3. Assess the morning and Re-Assess the afternoon. Make notes for what didn't get done and needs to move around for the afternoon, if anything.
4. Breathwork. Take 5 minutes and get some focused breathing in. Maybe its been a stressful morning. Breathwork is another way to recalibrate the nervous system and get back to neutral or supercharge your afternoon. You can check out a quick breathing exercise HERE
Example:
8am-11am: Work, housework, errands
12pm: lunch
12:30pm: Walk, movement, breathwork
1:15pm: Notes on morning and afternoon
1:15-5pm: Work
Next you have the "second half" of the day.
4 Ways to Improve the Evening
1. Workout. This may be ideal time to workout. You've had some food, and its the perfect way to pillar a work day before coming home. You can get access to some good workouts in my Facebook group. You will just have to scroll around for them a the bottom of the feed. You can join that for free HERE
2. Boundaries around technology. I'm not saying don't watch TV or scroll on your phone, but if you are wanting to build some better habits then you must know where you are leaking time and energy. At a certain point these things may have diminishing returns.

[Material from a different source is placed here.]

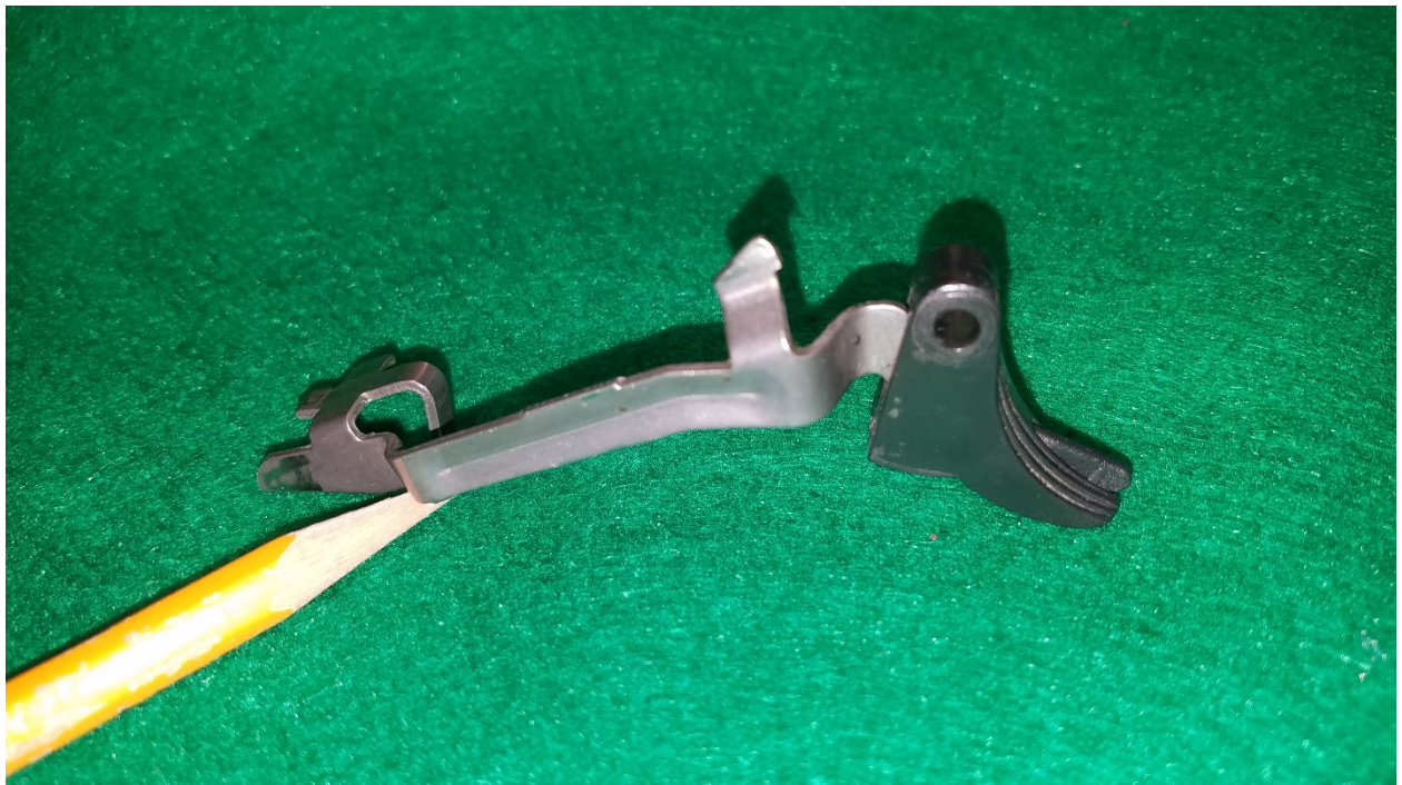
Glock Cruciform Trigger Bar Assembly – Side View
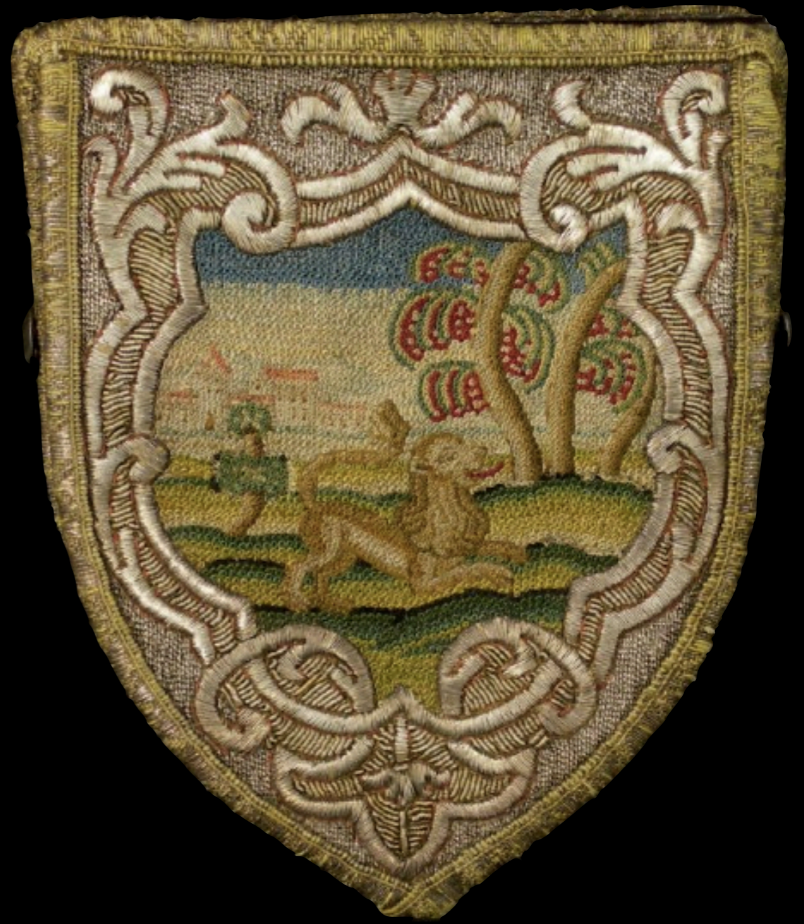
English Silk Shield - Shaped Purse c. 1700 - 1740 (Colonial Williamsburg)

3. Gratitude. Take some time in the evening to reflect on your day as a whole. List 3 things you are grateful for and why. Take some time to also journal on this question; " Will the way I showed up today give me the life and health that I dream of?" it is a pretty simple yes or no. Your body knows if you're lying to yourself.
4. Warm. Taking a warm shower is a great way to relax for the night. There is good info on both a cold and warm shower/bath but I personally prefer warm/hot as it helps calm rather than stimulate.
Example:
5:30pm: Workout
7:00pm: Dinner
8:00pm: Journal
8:15pm-9:45pm: TV, Read, Family time
10:00pm: Shower/Bath, Tech put away.
Again, this is by no means a one size fits all approach. Don't get hung up on the times and specifics. You likely know what you could be doing different. My hope here is to shine a light on how you are spending your time and highlight some ways that you can get your time back and prioritize it better based on what you say is important.
What you do and say are different things.
If you aren't seeing the results in your life, it is crucial you do something different.
I hope this was able to walk you through on how.